▶ [EXERCISE GOAL] Would you copy the entries that follow exactly, leaving out every picture?

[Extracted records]
· · · ·

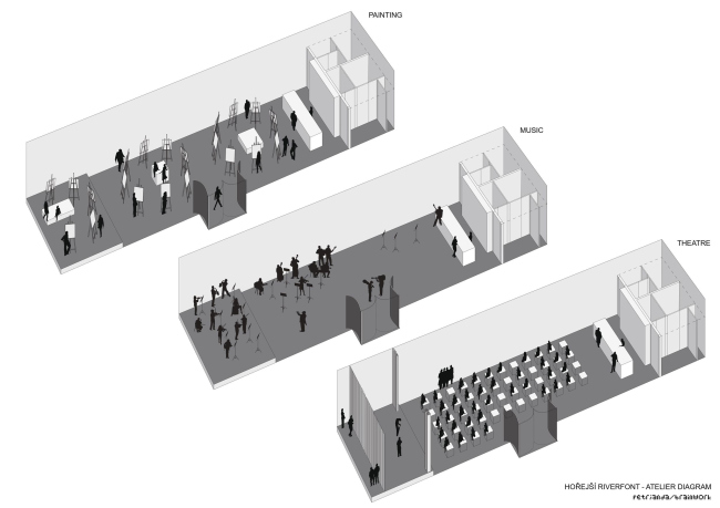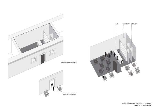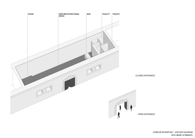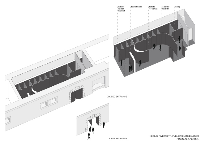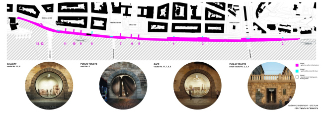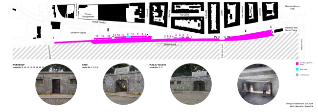 Контекст требовал взвешенного подхода, поэтому проект реконструкции набережных разрабатывался не как чисто архитектурный, а как социокультурный, причем первая его очередь заняла 10 лет, и строительство здесь было последним этапом. Это вложение в общественные пространства Праги, самое крупное с революции 1989 года (бюджет 6,5 млн евро), включает в себя превращение 20 погребов для хранения льда в объекты инфраструктуры. Там размещены бары, кафе, клубы, различные студии и мастерские, художественные галереи, филиал библиотеки, центр местного сообщества, туалеты.
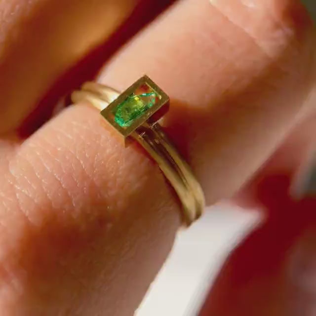 透き通るようなネオンブルーのパライバトルマリンのリング。控えめなサイズながらも特有の鮮やかさと色合いと輝きは、圧倒的な存在感を放ちます。枠の形と石の形が異なり、そこに浮いているかのように存在している独自のセッティングを施しています。角ばった長方形に対して丸みのある細いアームが重なることで、柔らかさもある印象に。
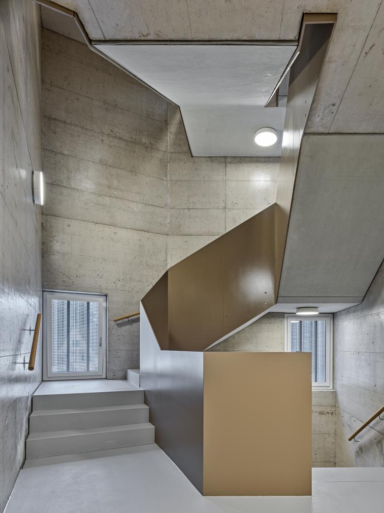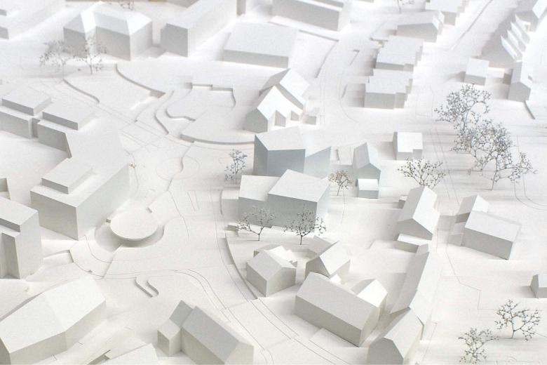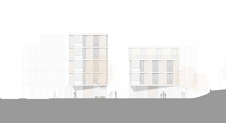 Das Grundstück der Raiffeisen Lägern Baregg, für den Ersatzneubau in Wettingen, liegt an der Zonengrenze zur Dorfzone. Als nördlicher Abschluss der Alberich Zwyssigstrasse entsteht eine markante, dennoch differenzierte Situation mit abgestuften Volumen und einem freundlichen Quartierplatz. Mit der Setzung der zwei artikulierten Baukörper wird eine Transition von den grossen Massen entlang der Landstrasse zur kleinteiligen, organisch gewachsenen Dorfstruktur erstellt. Die Permeabilität und die Höhenabstufung der Gebäudeteile schaffen interessante, visuelle Durchblicke und diagonale Bezüge. Es entsteht ein charaktervolles Ensemble, in dem man leben und arbeiten möchte, eine nachhaltige Architektur, die der Raiffeisenbank als zukunftsorientiertes und vertrauenswürdiges Dienstleistungsunternehmen entspricht.
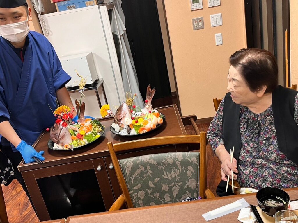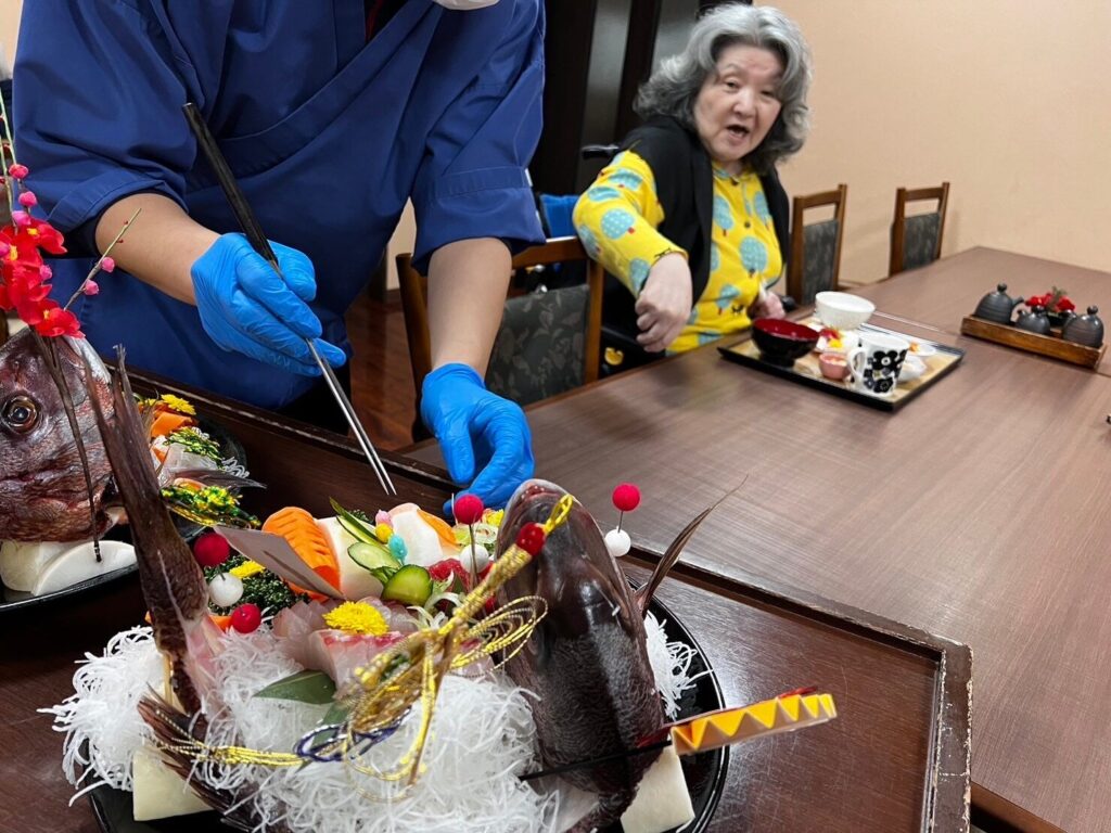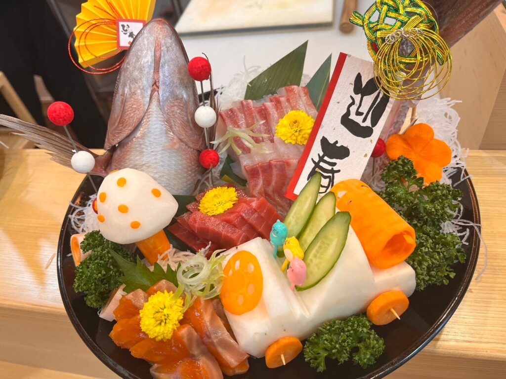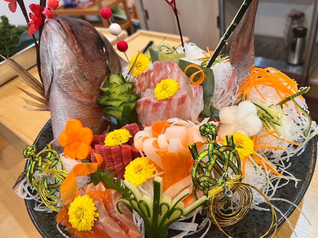 一富士さん渾身の飾り切りが立派な鯛のお造りを更に鮮やかにしてくれました✨
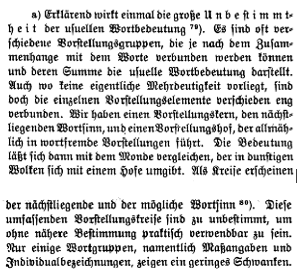 Da wird also von „Vorstellungskern“ und „Vorstellungshof“ gesprochen und explizit das Beobachtungsbild des Mondes zur Veranschaulichung herangezogen. Die Betrachtung des Einleitungsbildes zu diesem Beitrag zeigt deutlich, wie sich an den „Kern“ der „Hof“ anschließt, „der allmählich in wortfremde Vorstellungen führt“.
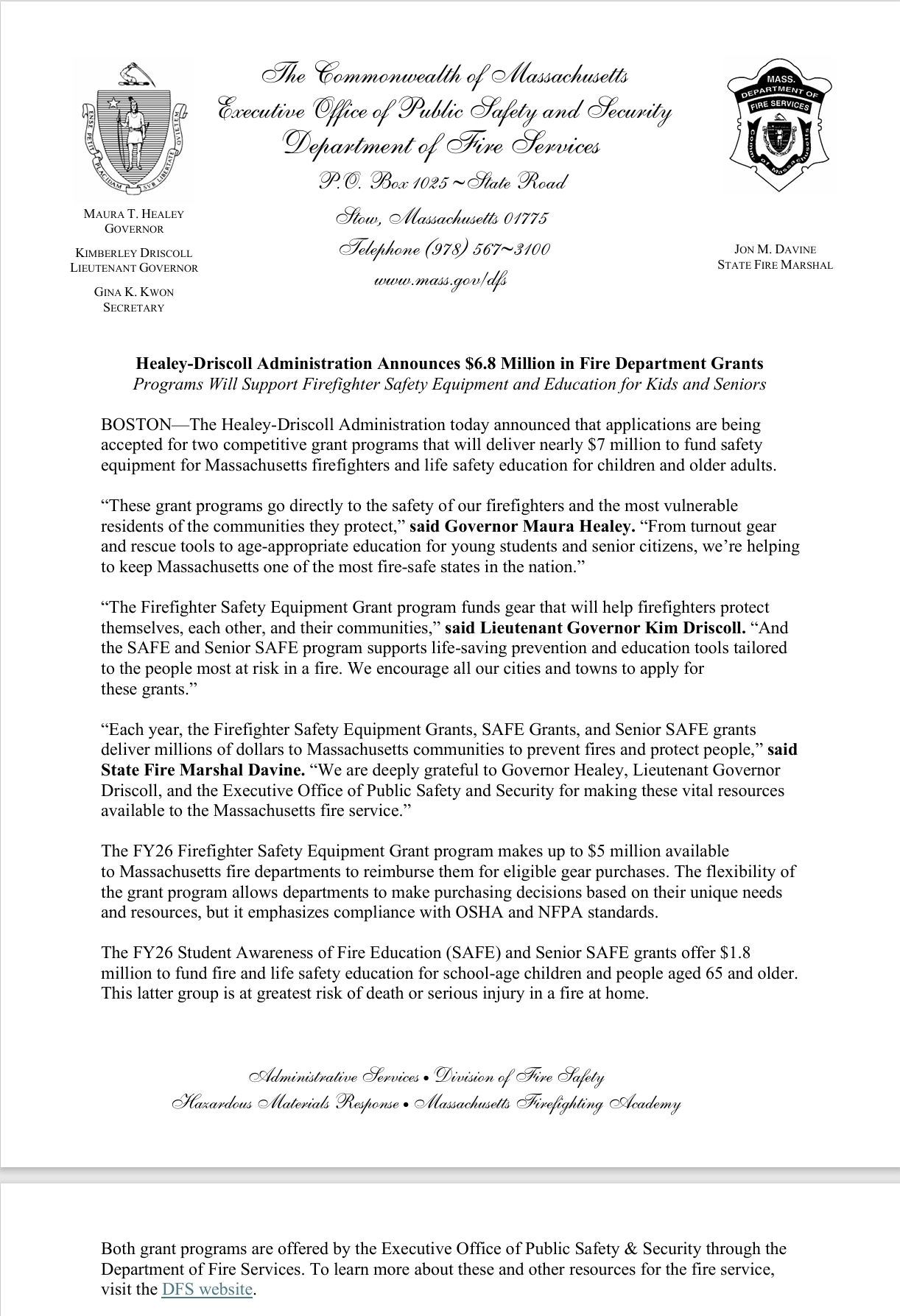On behalf of the Healey-Driscoll Administration, the Executive Office of Public Safety & Security (EOPSS), and the Department of Fire Services (DFS), we are pleased to announce the availability of $6.8 Million in Fire Department Grants.
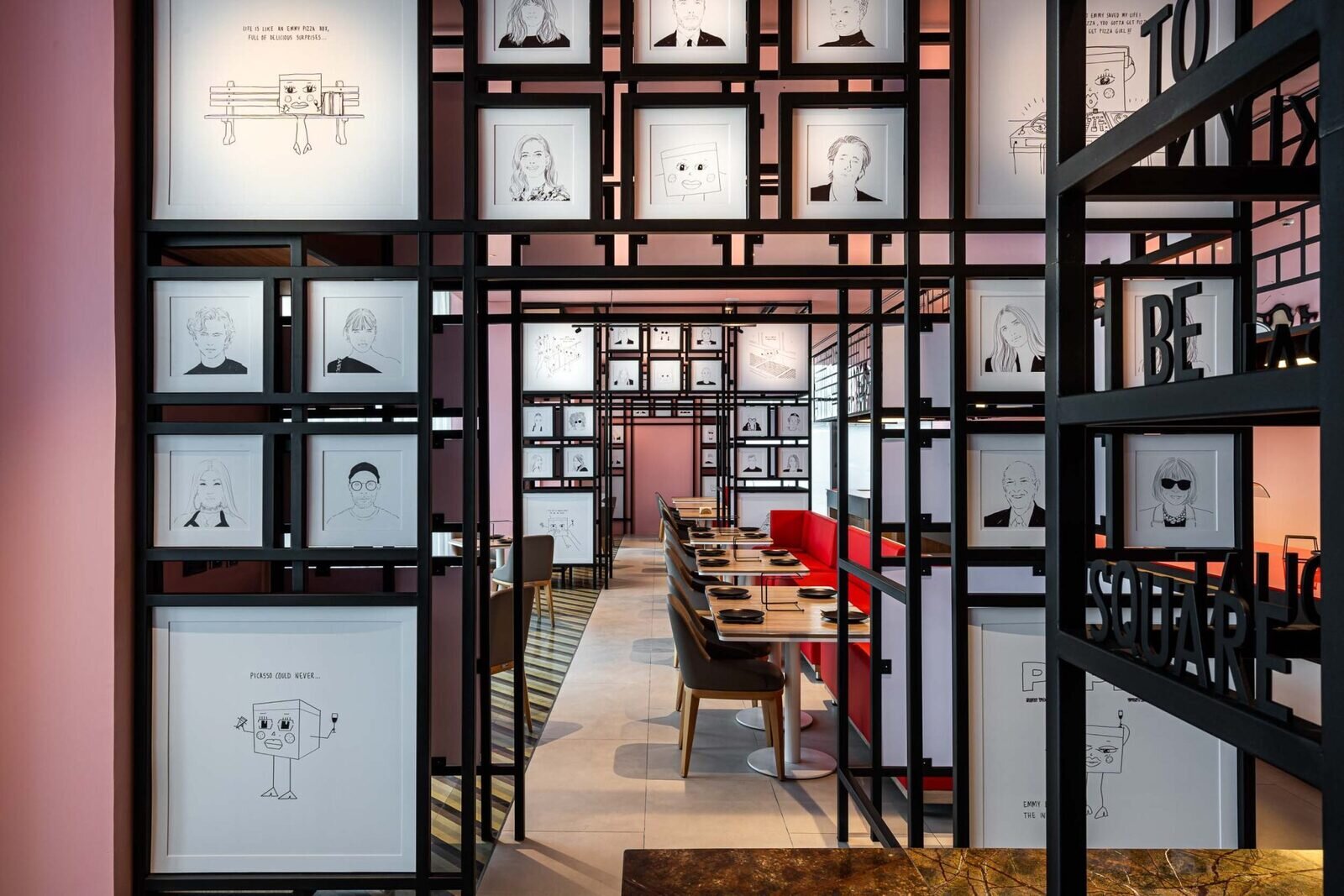 يتميز المطعم الجديد بتصميمه الذي يمزج اللون الوردي مع ديكورات خشبية ومجموعة من الرسومات اليدوية المؤطرة لمشاهير من سكان نيويورك، ومقاعد جلدية حمراء مذهلة.
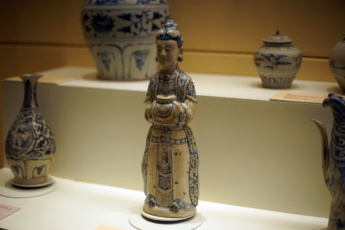Tượng phụ nữ quý tộc làm bằng gốm hoa lam dát vàng kim, thời Lê sơ, thế kỷ 15 tìm thấy ở tàu cổ Cù Lao Chàm, Hội An, Quảng Nam. Ảnh: Quốc Lê.
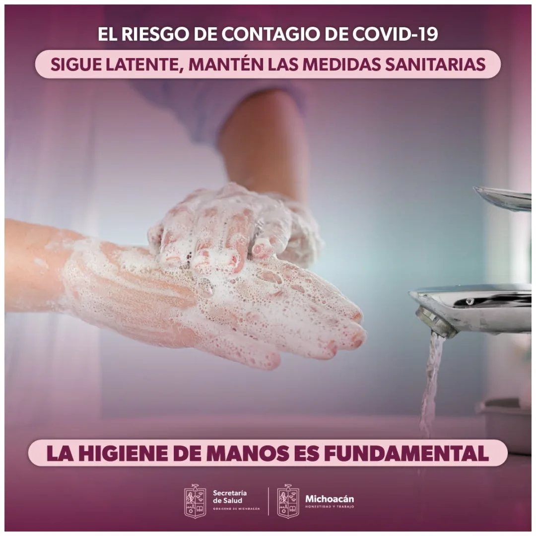 Morelia, Michoacán, 2 de febrero de 2023.- El lavado de manos con agua y jabón disminuye el riesgo de contraer enfermedades respiratorias agudas como el COVID-19, por ello, la Secretaría de Salud de Michoacán (SSM) llama a la población a no bajar la guardia y hacerlo de manera frecuente.

· · · ·

▶ [RESPONSE]
 Контекст требовал взвешенного подхода, поэтому проект реконструкции набережных разрабатывался не как чисто архитектурный, а как социокультурный, причем первая его очередь заняла 10 лет, и строительство здесь было последним этапом. Это вложение в общественные пространства Праги, самое крупное с революции 1989 года (бюджет 6,5 млн евро), включает в себя превращение 20 погребов для хранения льда в объекты инфраструктуры. Там размещены бары, кафе, клубы, различные студии и мастерские, художественные галереи, филиал библиотеки, центр местного сообщества, туалеты.
 透き通るようなネオンブルーのパライバトルマリンのリング。控えめなサイズながらも特有の鮮やかさと色合いと輝きは、圧倒的な存在感を放ちます。枠の形と石の形が異なり、そこに浮いているかのように存在している独自のセッティングを施しています。角ばった長方形に対して丸みのある細いアームが重なることで、柔らかさもある印象に。
 Das Grundstück der Raiffeisen Lägern Baregg, für den Ersatzneubau in Wettingen, liegt an der Zonengrenze zur Dorfzone. Als nördlicher Abschluss der Alberich Zwyssigstrasse entsteht eine markante, dennoch differenzierte Situation mit abgestuften Volumen und einem freundlichen Quartierplatz. Mit der Setzung der zwei artikulierten Baukörper wird eine Transition von den grossen Massen entlang der Landstrasse zur kleinteiligen, organisch gewachsenen Dorfstruktur erstellt. Die Permeabilität und die Höhenabstufung der Gebäudeteile schaffen interessante, visuelle Durchblicke und diagonale Bezüge. Es entsteht ein charaktervolles Ensemble, in dem man leben und arbeiten möchte, eine nachhaltige Architektur, die der Raiffeisenbank als zukunftsorientiertes und vertrauenswürdiges Dienstleistungsunternehmen entspricht.
 一富士さん渾身の飾り切りが立派な鯛のお造りを更に鮮やかにしてくれました✨
 Da wird also von „Vorstellungskern“ und „Vorstellungshof“ gesprochen und explizit das Beobachtungsbild des Mondes zur Veranschaulichung herangezogen. Die Betrachtung des Einleitungsbildes zu diesem Beitrag zeigt deutlich, wie sich an den „Kern“ der „Hof“ anschließt, „der allmählich in wortfremde Vorstellungen führt“.
On behalf of the Healey-Driscoll Administration, the Executive Office of Public Safety & Security (EOPSS), and the Department of Fire Services (DFS), we are pleased to announce the availability of $6.8 Million in Fire Department Grants.
 يتميز المطعم الجديد بتصميمه الذي يمزج اللون الوردي مع ديكورات خشبية ومجموعة من الرسومات اليدوية المؤطرة لمشاهير من سكان نيويورك، ومقاعد جلدية حمراء مذهلة.
Tượng phụ nữ quý tộc làm bằng gốm hoa lam dát vàng kim, thời Lê sơ, thế kỷ 15 tìm thấy ở tàu cổ Cù Lao Chàm, Hội An, Quảng Nam. Ảnh: Quốc Lê.
 Morelia, Michoacán, 2 de febrero de 2023.- El lavado de manos con agua y jabón disminuye el riesgo de contraer enfermedades respiratorias agudas como el COVID-19, por ello, la Secretaría de Salud de Michoacán (SSM) llama a la población a no bajar la guardia y hacerlo de manera frecuente.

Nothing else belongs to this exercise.